**PROBLEM STATEMENT**
In the entries that follow, repeat exactly the lines from the one that has "岩礁のてっぺんに止まっては、翼を広げ鳴き声をあげていた。" through the one that has "Keep your storage", but omit pictures.

**LISTED ENTRIES**
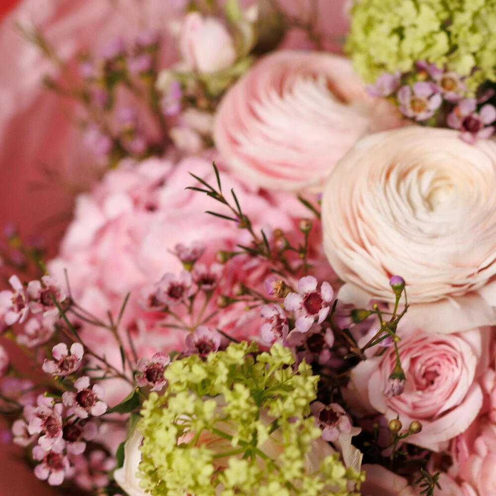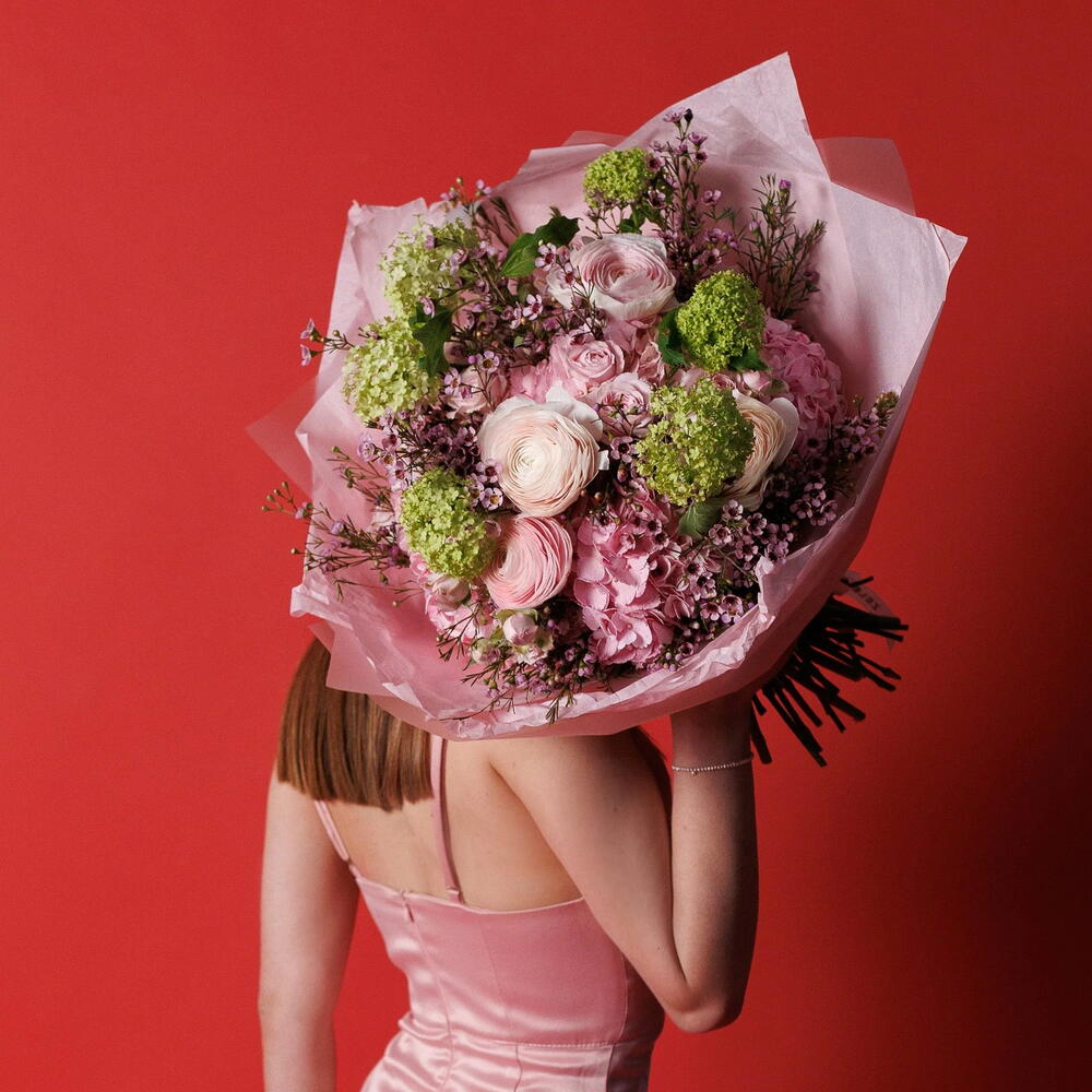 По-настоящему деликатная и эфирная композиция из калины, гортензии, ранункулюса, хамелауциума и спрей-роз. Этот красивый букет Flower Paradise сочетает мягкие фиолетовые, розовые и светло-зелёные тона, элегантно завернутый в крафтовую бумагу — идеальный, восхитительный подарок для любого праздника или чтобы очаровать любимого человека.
==
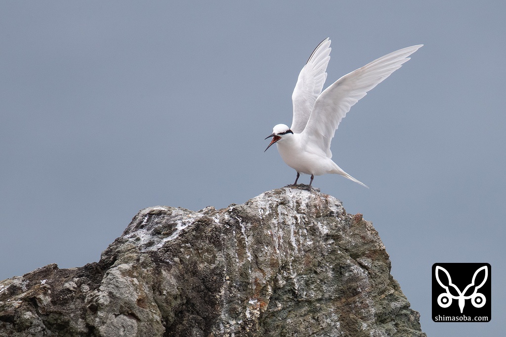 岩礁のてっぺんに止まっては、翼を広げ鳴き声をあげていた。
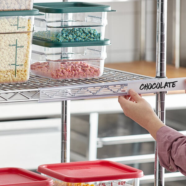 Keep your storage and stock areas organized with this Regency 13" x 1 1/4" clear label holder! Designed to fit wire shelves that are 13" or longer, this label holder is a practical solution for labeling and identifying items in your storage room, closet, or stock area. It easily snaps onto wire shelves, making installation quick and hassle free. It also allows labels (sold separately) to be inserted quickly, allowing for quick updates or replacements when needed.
* * *
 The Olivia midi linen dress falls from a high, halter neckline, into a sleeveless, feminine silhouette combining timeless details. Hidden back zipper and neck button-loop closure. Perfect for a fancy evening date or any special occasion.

**FINISHED EXERCISE**
 岩礁のてっぺんに止まっては、翼を広げ鳴き声をあげていた。
 Keep your storage and stock areas organized with this Regency 13" x 1 1/4" clear label holder! Designed to fit wire shelves that are 13" or longer, this label holder is a practical solution for labeling and identifying items in your storage room, closet, or stock area. It easily snaps onto wire shelves, making installation quick and hassle free. It also allows labels (sold separately) to be inserted quickly, allowing for quick updates or replacements when needed.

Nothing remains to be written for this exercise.